New-home construction rose by more than forecast in March on a rebound in multifamily starts, giving a boost to first-quarter economic growth, government figures showed Tuesday.
The results show a tight job market, improved finances and consumers' elevated confidence to purchase big-ticket items are supporting construction. That means homebuilding probably contributed to economic growth for the second consecutive quarter.
The strength in March was concentrated in multifamily construction such as apartment buildings. That category tends to be volatile; March's advance in starts followed a 10.2% drop in the prior month. Permits for single-family homes were a weak spot, dropping 5.5%, the biggest decline in seven years, to the lowest level since September.
While demand remains solid, a shortage of workers, rising costs for materials and a scarcity of ready-to-build lots are limiting gains in building activity.
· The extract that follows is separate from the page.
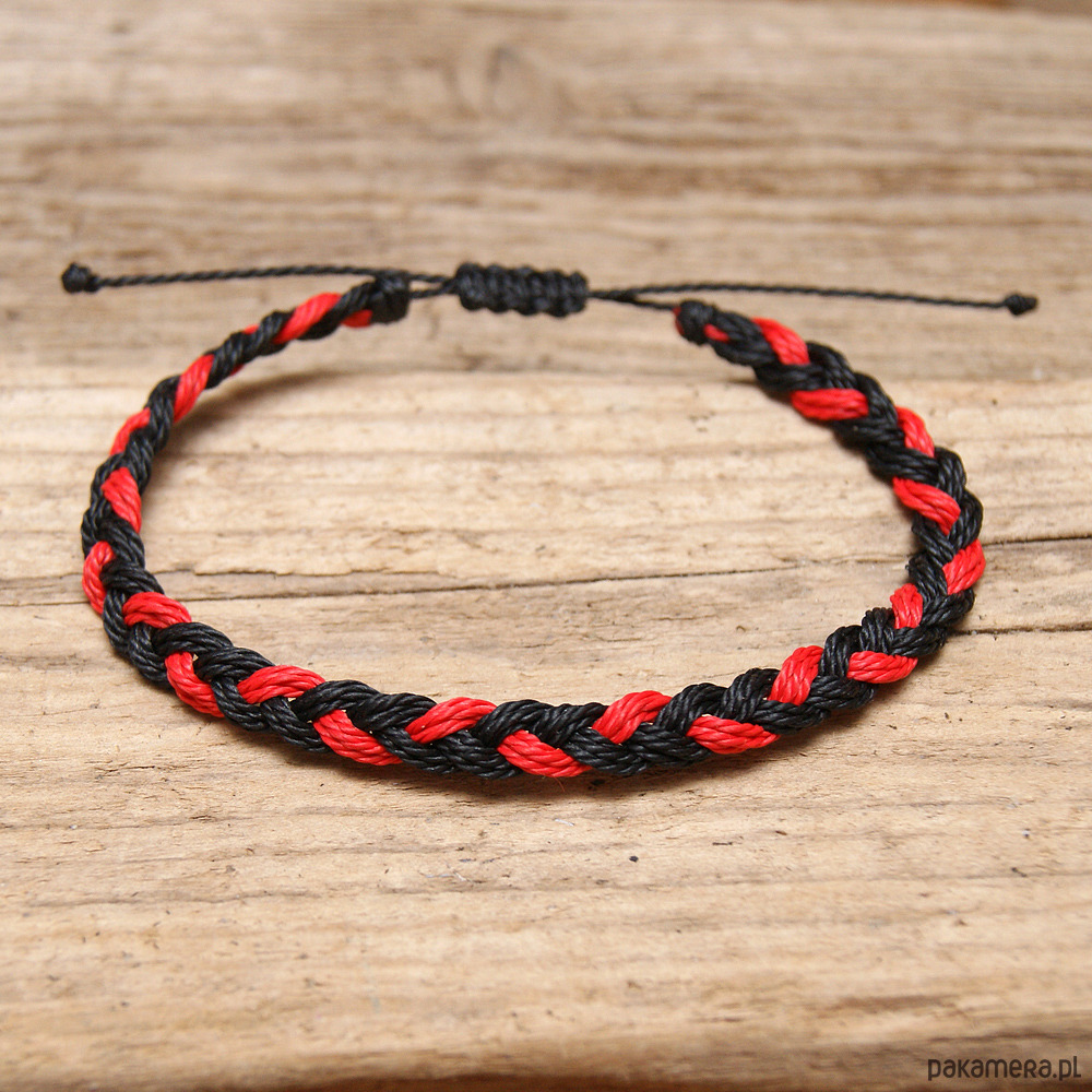 Męska bransoletka sznurkowa- warkocz 7mm - czarny z czerwonym

With borrowing costs rising, affordability is also becoming a hurdle, as property values outpace potential buyers’ income growth.
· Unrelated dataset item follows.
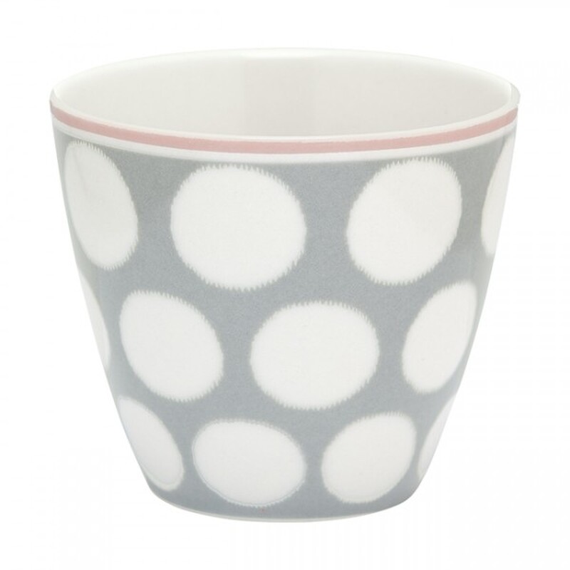 Bodky - bodky - bodky - nikdy ich nie je dosť. Krásna porcelánová šálka od dánskej značky Green Gate s veľkými bielymi bodkami na sivom podklade - skvelá na kávu, čaj alebo limonádu.

Nevertheless, sentiment remains elevated, and in an indication that builders will remain busy in coming months, the number of homes under construction at the end of March reached 1.125 million, the highest level since July 2007. Single-family dwellings under construction inched up to 504,000, the most since mid-2008.
Single-family home starts fell to an 867,000 rate from 900,000 the prior month. Groundbreaking on multifamily homes rose to an annual rate of 452,000. Gains in housing starts were led by Midwest, with a 22.4% advance, the Northeast rose 0.8%, while the South and West dipped.
The report shows a wide margin of error, with a 90% chance that the March housing-starts figure was between a 10.5% drop and a 14.3% gain. The report released jointly by the Census Bureau and Department of Housing and Urban Development in Washington.